Pensions: Madrid wants to make employers and the wealthy pay

Increase the number of years taken into account, raise both the contributions of companies and the highest salaries, while encouraging the effective age of departures to be pushed back. This is the formula chosen by the Spanish government for its pension reform. The Minister of Social Security and Inclusion presented Friday to the social partners his project which, it seems, has already obtained the approval of Brussels.

Employers and unions have until Tuesday to study the file, but they have already spoken on the issue. The CEOE employers’ confederation rejects a plan “based on a general increase in contributions which will affect all workers, increase labor costs and jeopardize job creation”. This is a proposal “regressive all along the line, because it involves more years worked, more contributory effort and fewer pensions”, insists CEOE.

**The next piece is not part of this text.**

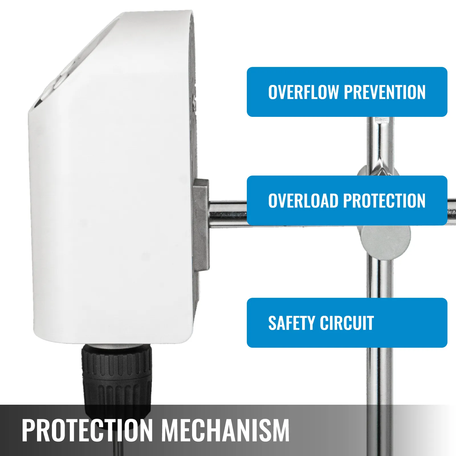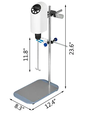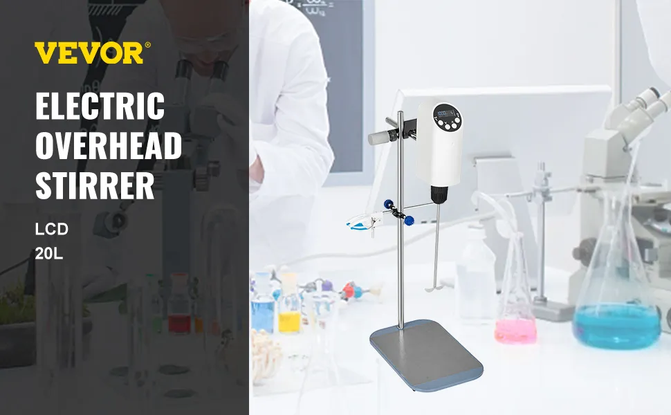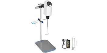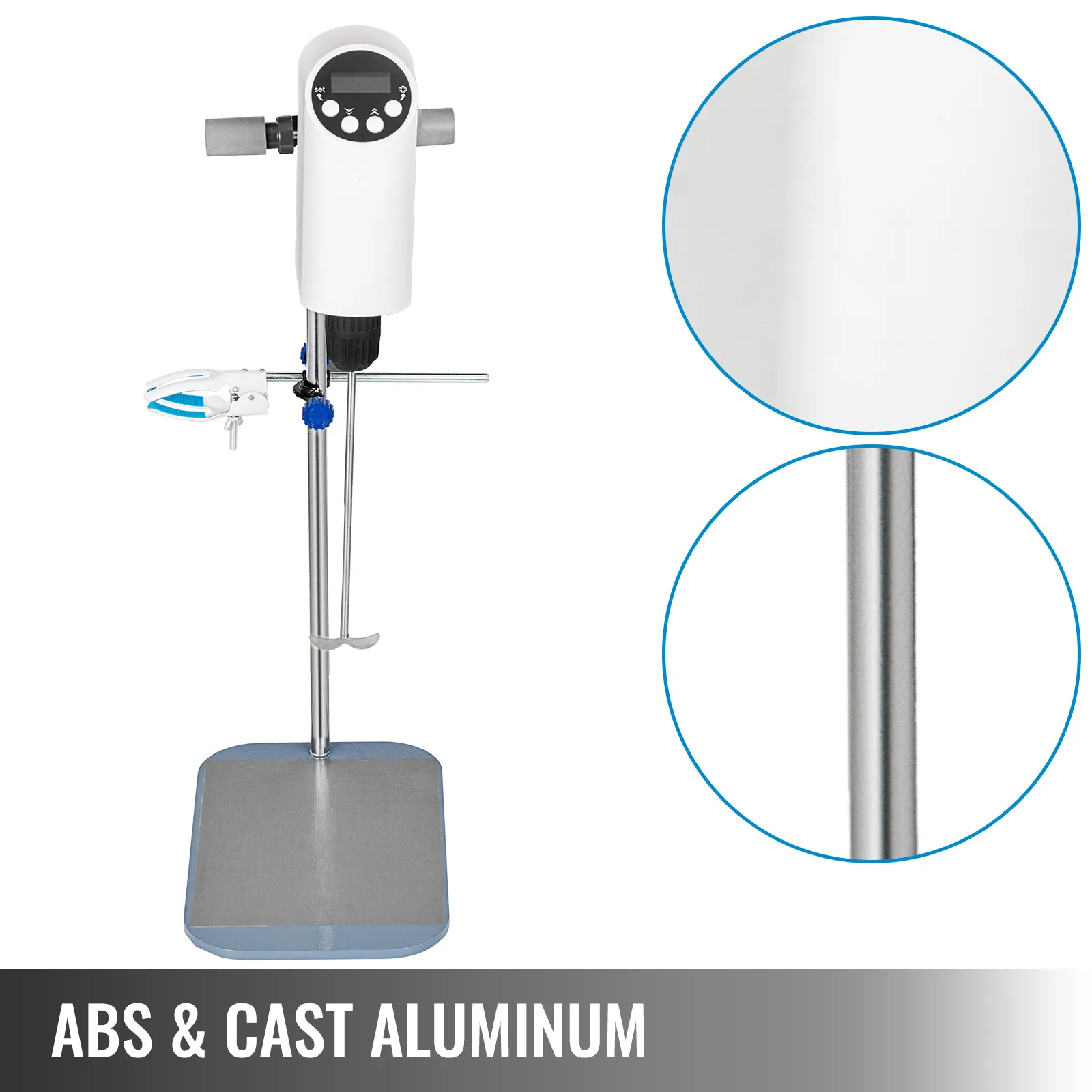 This electric overhead mixer is built with ABS plastic and cast aluminum, competent for high-load and long-term continuous work. With the powerful motor and the stirring speed range of 200-3000 rpm, the lab vortex mixer can stir up to 20L. This liquid mixer is started smoothly to prevent the sample from overflowing, and will automatically stop in case of overload or an abnormal condition.

For their part, the unions have “positively” welcomed the government’s plan, and believe that it will make it possible to “consolidate the pension system, while reducing the inequalities suffered by women”.

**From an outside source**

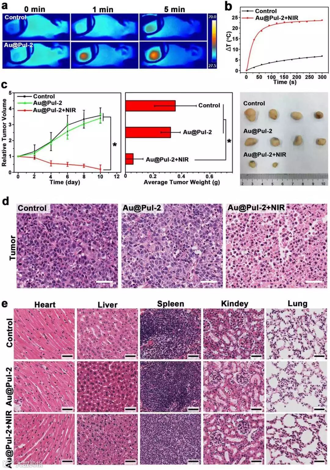 a,b.在有无808 nmNIR光源照射下,将PBS(作为对照组)或Au@Pul-2注射到HepG2荷瘤小鼠体内得到的红外热像(图a)和温度变化(图b);

Solidarity effort of the highest salaries

The reform prepared by Madrid provides for a flexible calculation system which will allow up to 29 years of contributions to be taken into account, or else to be based on 27 years, by removing the two years which are the least favorable to employees. But the future retiree may also prefer to maintain the scale currently in force, calculated over the last 25 years. In case of doubt, the most favorable discount will be applied.

To face the demographic challenges, in a country where life expectancy is long and the birth rate among the lowest in Europe, Madrid is planning a new solidarity effort on the side of the highest earners, whose contributions are currently capped, with a 1% tax from 2025, which will increase by 0.25% per year to reach 6% in 2045.

Retire at age 67 by 2027

These announcements are the latest step in a pension reform that has been carried out in phases, in consultation with the social partners and with the various political forces, in order to guarantee its approval in Parliament. The overhaul of the system was one of the conditions set by Brussels for the release of the fourth phase of European funds. It is based on a timetable for the gradual extension of working life, which has been in place since 2013, to delay retirement from 65 to 67 by 2027.

The Minister of Social Security, in charge of the file, had already announced in 2021 a new bonus-malus system to discourage early retirement and reward those who continue their activity beyond the legal age.

Intergenerational equity mechanism

At the same time, it has also provided for an “intergenerational equity mechanism”, with an exceptional increase in social contributions until 2050, in order to bail out the pension fund.

Some experts are critical of the device. “Spain must increase its revenue to invest in education, housing or the fight against climate change, but not to avoid adapting the pension system to the new demographics”, estimates the economist José Ignacio. Conde-Ruiz, specialist in the question at the Fedea applied economics foundation.